Particulate C, N, and P content of each POM type was determined by collecting a subsample of the biomass onto combusted GFF filters, wrapping in foil, flash freezing, and storing at -80 degrees C. The filters were then thawed and dried at 60 degrees C overnight, folded into tin and silver boats, and run on a Carlo-Erba C/N Analyzer for particulate C (PC) and N (PN) content (Sharp (1974). For particulate P (PP) analyses samples were thawed and combusted at 450 degrees C for 4.5 hours, then extracted with 0.15 M HCl for 1 hour at 60 degrees C. PP was then analyzed as SRP in a 1.0 cm cell at 880 nm following Strickland and Parsons (1972).

Molecular characterization of PP compounds was performed using subsamples of each POM type with 31P nuclear magnetic resonance (NMR) spectral analysis as per Cade-Menun et al. (2005).
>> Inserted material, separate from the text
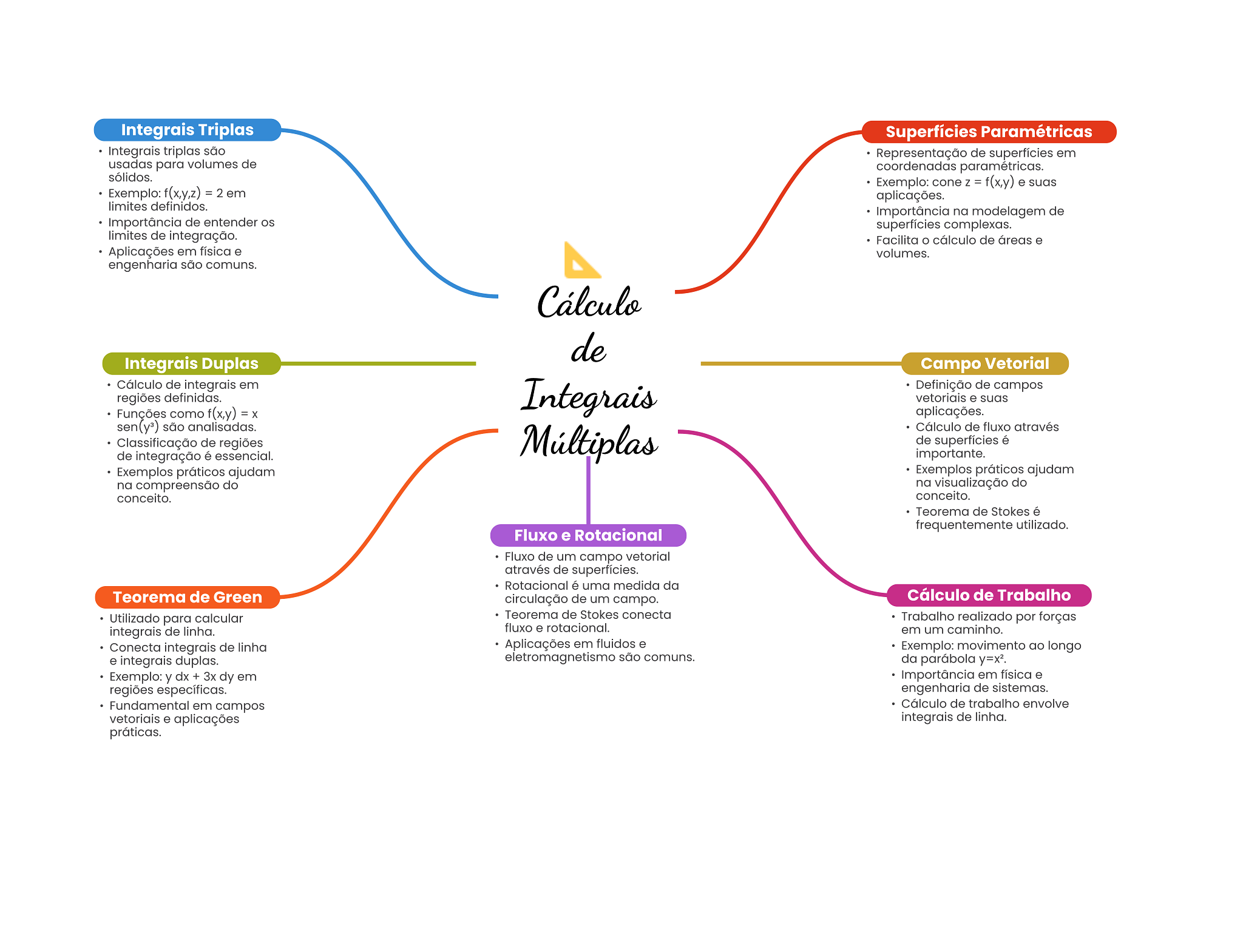 Integrais Triplas Superfícies Paramétricas Integrais triplas são Representação de superfícies em usadas para volumes de coordenadas paramétricas. sólidos. Exemplo: cone Z = f(x,y) e suas Exemplo: f(x,y,z) = 2 em aplicações. limites definidos. Importância na modelagem de Importância de entender OS superfícies complexas. limites de integração. Facilita cálculo de áreas e Aplicações em física e volumes. engenharia são comuns. Cálculo de Integrais Duplas Campo Vetorial Cálculo de integrais em Integrais Definição de campos regiões definidas. vetoriais e suas Funções como f(x,y) = X aplicações. são analisadas. Cálculo de fluxo através Classificação de regiões Múltiplas de superfícies é de integração é essencial. importante. Exemplos práticos ajudam Exemplos práticos ajudam na compreensão do na visualização do conceito. conceito. Teorema de Stokes é frequentemente utilizado. Fluxo e Rotacional Fluxo de um campo vetorial através de superfícies. Rotacional é uma medida da Teorema de Green circulação de um campo. Cálculo de Trabalho Utilizado para calcular Teorema de Stokes conecta Trabalho realizado por forças integrais de linha. fluxo e rotacional. em um caminho. Conecta integrais de linha Aplicações em fluidos e Exemplo: movimento ao longo e integrais duplas. eletromagnetismo são comuns. da parábola Exemplo: y dx + 3x dy em Importância em física e regiões específicas. engenharia de sistemas. Fundamental em campos Cálculo de trabalho envolve vetoriais e aplicações integrais de linha. práticas.

Samples were freeze-dried, extracted with a 25-mL solution of 0.25M NaOH 0.05M Na2EDTA for 4h, and then centrifuged. 1-mL aliquots of the supernatant and digested residue samples were analyzed for P concentrations via inductively coupled plasma optical emission spectroscopy (ICP-OES) to determine the extracted P and fraction that was not extracted. The remaining supernatant was analyzed for 31P-NMR spectroscopy on a 600 MHz Varian Unity INOVA spectrometer equipped with a 10mm broadband probe at 20 degrees C and a 90 degrees pulse. Compounds were identified by their chemical shifts (ppm) relative to an external orthophosphoric acid standard. After standardizing the orthophosphate peak in all samples to 6 ppm, peak assignments were based on Tebby and Glonek (1991) Cade-Menun and Preston (1996) and Turner et al. (2003b,c). Peak areas were calculated by integration of spectra processed with a 5 Hz line broadening, using NUTS software (Acorn NMR Inc.) as described in Paytan et al., (2003). Finally, the relative contribution of surface-adsorbed P was assessed for remaining TRICHO and DIATOM POM samples via the oxalate rinse method described in Fu et al. (2005); not enough material remained from PRO and OR-POM for similar analyses.